*WORK TO BE COMPLETED*
Please copy the last part of the entries exactly: the line that has "-. Binding : Jewelry" and every line up to and including the end, nothing more.

*DATA TO PROCESS*

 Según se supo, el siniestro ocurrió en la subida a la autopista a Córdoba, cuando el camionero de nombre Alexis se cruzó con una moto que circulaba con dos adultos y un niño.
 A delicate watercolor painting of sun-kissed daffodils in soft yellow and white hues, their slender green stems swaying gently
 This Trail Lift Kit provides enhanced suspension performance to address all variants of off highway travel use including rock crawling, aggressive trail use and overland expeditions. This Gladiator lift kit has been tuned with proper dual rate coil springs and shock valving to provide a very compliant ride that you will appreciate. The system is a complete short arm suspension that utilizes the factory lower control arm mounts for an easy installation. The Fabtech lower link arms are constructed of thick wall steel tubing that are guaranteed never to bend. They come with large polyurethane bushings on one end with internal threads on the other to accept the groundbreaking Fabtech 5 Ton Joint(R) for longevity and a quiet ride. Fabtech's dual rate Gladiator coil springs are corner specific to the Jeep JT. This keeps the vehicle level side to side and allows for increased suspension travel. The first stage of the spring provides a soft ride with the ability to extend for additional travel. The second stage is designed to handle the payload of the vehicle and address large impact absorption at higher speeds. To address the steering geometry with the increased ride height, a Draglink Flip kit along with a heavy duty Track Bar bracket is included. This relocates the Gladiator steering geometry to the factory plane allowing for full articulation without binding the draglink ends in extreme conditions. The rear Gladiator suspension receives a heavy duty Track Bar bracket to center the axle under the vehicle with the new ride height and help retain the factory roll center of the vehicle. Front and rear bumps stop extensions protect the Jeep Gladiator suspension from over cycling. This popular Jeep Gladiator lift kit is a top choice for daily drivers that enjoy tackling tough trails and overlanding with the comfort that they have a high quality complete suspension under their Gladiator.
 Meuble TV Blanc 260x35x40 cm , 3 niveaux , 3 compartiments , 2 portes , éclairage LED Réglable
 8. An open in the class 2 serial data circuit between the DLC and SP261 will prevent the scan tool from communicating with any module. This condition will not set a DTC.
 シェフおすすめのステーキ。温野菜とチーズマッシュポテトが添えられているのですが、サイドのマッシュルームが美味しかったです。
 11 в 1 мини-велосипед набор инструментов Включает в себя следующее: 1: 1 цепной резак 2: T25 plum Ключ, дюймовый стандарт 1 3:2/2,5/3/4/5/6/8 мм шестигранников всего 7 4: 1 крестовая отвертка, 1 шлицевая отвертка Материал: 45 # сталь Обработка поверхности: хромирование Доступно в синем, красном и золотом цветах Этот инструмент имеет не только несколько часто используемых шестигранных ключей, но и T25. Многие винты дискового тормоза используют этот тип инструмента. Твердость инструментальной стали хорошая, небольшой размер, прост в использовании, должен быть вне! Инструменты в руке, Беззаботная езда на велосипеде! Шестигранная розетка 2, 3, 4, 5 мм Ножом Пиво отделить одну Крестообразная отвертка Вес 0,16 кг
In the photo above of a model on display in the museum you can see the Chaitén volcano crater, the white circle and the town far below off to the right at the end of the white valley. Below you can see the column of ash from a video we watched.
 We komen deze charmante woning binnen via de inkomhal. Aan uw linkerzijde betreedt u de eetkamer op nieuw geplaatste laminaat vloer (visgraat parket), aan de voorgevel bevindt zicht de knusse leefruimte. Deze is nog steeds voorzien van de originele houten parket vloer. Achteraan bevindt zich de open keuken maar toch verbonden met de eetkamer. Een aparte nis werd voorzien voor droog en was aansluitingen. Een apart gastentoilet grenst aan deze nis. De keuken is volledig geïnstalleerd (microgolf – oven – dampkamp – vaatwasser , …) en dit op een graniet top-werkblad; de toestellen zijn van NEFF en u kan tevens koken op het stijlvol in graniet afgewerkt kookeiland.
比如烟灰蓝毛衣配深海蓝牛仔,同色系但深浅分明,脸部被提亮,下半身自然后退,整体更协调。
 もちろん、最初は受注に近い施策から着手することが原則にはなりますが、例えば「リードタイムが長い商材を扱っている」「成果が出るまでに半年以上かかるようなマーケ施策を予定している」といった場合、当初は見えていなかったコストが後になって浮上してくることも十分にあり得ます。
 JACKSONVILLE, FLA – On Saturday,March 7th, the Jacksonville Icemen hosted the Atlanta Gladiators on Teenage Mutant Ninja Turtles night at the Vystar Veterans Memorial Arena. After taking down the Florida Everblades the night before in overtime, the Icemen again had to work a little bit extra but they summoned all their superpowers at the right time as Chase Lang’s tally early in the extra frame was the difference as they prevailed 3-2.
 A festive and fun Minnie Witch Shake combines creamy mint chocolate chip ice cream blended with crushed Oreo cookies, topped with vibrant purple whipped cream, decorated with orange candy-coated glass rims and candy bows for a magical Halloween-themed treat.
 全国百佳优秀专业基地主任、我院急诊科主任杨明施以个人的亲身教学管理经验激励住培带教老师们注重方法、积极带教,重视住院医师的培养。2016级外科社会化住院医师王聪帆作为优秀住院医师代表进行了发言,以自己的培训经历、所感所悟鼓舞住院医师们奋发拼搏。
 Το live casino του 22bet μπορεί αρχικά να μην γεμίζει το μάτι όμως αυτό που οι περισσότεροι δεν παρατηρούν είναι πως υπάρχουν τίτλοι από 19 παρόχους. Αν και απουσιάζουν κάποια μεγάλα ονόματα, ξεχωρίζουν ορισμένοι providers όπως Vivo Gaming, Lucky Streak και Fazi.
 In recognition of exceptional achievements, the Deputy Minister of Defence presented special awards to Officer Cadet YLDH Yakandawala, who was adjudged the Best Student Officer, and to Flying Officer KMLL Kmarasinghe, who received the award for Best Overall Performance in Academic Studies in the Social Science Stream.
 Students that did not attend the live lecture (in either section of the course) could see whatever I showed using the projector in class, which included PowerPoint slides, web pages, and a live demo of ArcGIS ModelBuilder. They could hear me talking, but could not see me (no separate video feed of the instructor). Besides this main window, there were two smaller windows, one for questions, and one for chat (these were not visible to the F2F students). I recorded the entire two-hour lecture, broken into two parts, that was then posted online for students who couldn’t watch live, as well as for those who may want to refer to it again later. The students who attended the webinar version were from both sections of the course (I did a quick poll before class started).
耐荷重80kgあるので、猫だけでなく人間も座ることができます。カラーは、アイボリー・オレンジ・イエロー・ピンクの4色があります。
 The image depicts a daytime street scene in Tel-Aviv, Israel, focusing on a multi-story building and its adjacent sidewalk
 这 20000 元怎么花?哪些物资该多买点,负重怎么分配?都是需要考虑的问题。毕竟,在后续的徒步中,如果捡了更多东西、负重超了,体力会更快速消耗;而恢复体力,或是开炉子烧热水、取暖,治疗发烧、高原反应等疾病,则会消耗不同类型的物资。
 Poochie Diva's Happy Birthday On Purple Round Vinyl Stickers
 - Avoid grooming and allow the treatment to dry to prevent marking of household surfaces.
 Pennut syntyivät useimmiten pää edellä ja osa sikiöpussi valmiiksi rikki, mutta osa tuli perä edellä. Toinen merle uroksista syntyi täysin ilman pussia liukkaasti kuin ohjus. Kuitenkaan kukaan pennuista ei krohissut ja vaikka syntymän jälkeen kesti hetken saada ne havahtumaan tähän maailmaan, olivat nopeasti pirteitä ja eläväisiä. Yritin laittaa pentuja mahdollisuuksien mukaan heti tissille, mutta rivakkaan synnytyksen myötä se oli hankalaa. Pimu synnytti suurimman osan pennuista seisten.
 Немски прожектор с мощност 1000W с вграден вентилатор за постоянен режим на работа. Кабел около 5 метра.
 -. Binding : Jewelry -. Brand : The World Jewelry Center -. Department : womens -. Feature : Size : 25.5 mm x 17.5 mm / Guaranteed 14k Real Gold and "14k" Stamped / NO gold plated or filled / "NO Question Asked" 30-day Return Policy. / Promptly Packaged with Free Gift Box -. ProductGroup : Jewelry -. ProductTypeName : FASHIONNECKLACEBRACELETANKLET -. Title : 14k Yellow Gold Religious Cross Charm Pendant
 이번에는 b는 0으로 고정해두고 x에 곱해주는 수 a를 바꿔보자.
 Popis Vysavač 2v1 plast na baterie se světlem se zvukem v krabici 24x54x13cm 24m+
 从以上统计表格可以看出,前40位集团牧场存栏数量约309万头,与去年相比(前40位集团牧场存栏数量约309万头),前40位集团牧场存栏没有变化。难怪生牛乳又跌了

*OUTPUT OF THE EXERCISE*
 -. Binding : Jewelry -. Brand : The World Jewelry Center -. Department : womens -. Feature : Size : 25.5 mm x 17.5 mm / Guaranteed 14k Real Gold and "14k" Stamped / NO gold plated or filled / "NO Question Asked" 30-day Return Policy. / Promptly Packaged with Free Gift Box -. ProductGroup : Jewelry -. ProductTypeName : FASHIONNECKLACEBRACELETANKLET -. Title : 14k Yellow Gold Religious Cross Charm Pendant
 이번에는 b는 0으로 고정해두고 x에 곱해주는 수 a를 바꿔보자.
 Popis Vysavač 2v1 plast na baterie se světlem se zvukem v krabici 24x54x13cm 24m+
 从以上统计表格可以看出,前40位集团牧场存栏数量约309万头,与去年相比(前40位集团牧场存栏数量约309万头),前40位集团牧场存栏没有变化。难怪生牛乳又跌了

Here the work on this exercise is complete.